On the Democratic side, Sen. Hillary Rodham Clinton's battle with Sen. Barack Obama paused long enough on Tuesday for former President Bill Clinton to make news yet again.
This time he's complaining about the media coverage -- surely, if reporters just paid more attention to wife's record, she'd be handed the nomination on the silver platter her husband thinks she deserves. "One percent of the press coverage was devoted to their record in public life," the former president said.
(We can think of two ways to get the press to focus more on Sen. Clinton's record. The first has to do with a couple million documents sealed away in Little Rock.
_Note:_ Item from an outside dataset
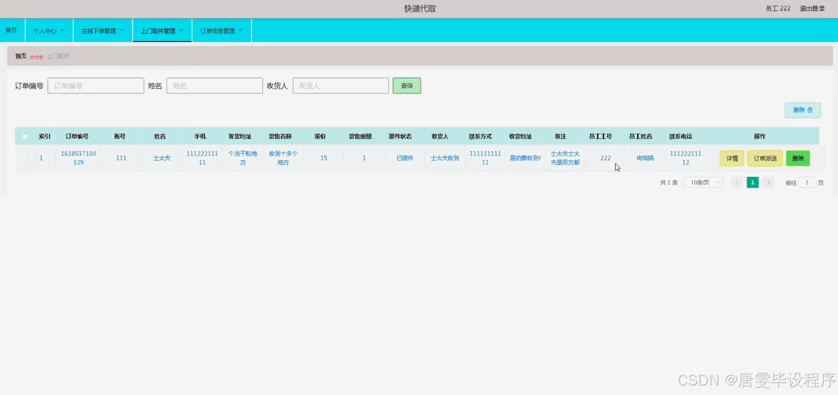 本研究旨在设计并实现一个功能完善的快递代取系统,以提升快递服务的便捷性和用户体验。通过该系统,用户能够轻松实现在线下单、预约上门取件等功能,同时能够实时查看订单信息,了解包裹的寄送状态。此外,系统还需具备员工管理、订单分配等功能,以确保服务的顺利进行。通过本研究的实施,期望能够为快递行业提供一种高效、便捷的代取服务解决方案,推动行业的持续健康发展。

The other has to do with not allowing the would-be "first laddie" anywhere near the trail -- or, at least, anywhere near the commission of news on the trail.)
And on the comment last week where he got his wife's campaign off-message by saying he was against the Iraq war "from the beginning," he says this to the Los Angeles Times' Michael Finnegan: "I regret that they were falsely represented by the press, who wants to make it a political story." (Surprising, since the appearance was non-political and all. . . .)
It's another rough stretch for Camp Clinton -- and we're not even counting the sudden, unexplained ditching of her theme song (yes, the Celine Dion number that was voted on with such fanfare a few months back is gone, ABC's Eloise Harper reports).
There's more legal woes for Norman Hsu, which "may see her confront potentially harmful fundraising questions of her own," Newsday's Martin C. Evans writes.
The AP's Seanna Adcox reports that Clinton's endorsement list in South Carolina black religious leaders isn't quite as long as it seems.
"Some of the backers were affiliated with religious ministries and outreach groups rather than churches, some were wives of ministers, two were church elders and at least two were not members of the churches listed beside their names," Adcox writes.
And count Clinton among those who can't be happy about President Bush's news conference on Tuesday, where he said the new National Intelligence Estimate on Iran wasn't changing his policies.
At Tuesday's (mostly tame) NPR debate, "This led to insinuations from several candidates that by casting her vote for economic sanctions," Christopher Cooper writes in The Wall Street Journal.
Former senator John Edwards, D-N.C.: "I think it's very clear that Bush and Cheney have been rattling the saber about Iran for a very long time." Clinton's response: "I understand politics and I understand making outlandish political changes but this really goes way too far."
"The timing of the new National Intelligence Estimate interfered with Clinton's game plan and forced her -- for an afternoon, at least -- back on the defensive," Newsweek's Richard Wolffe reports.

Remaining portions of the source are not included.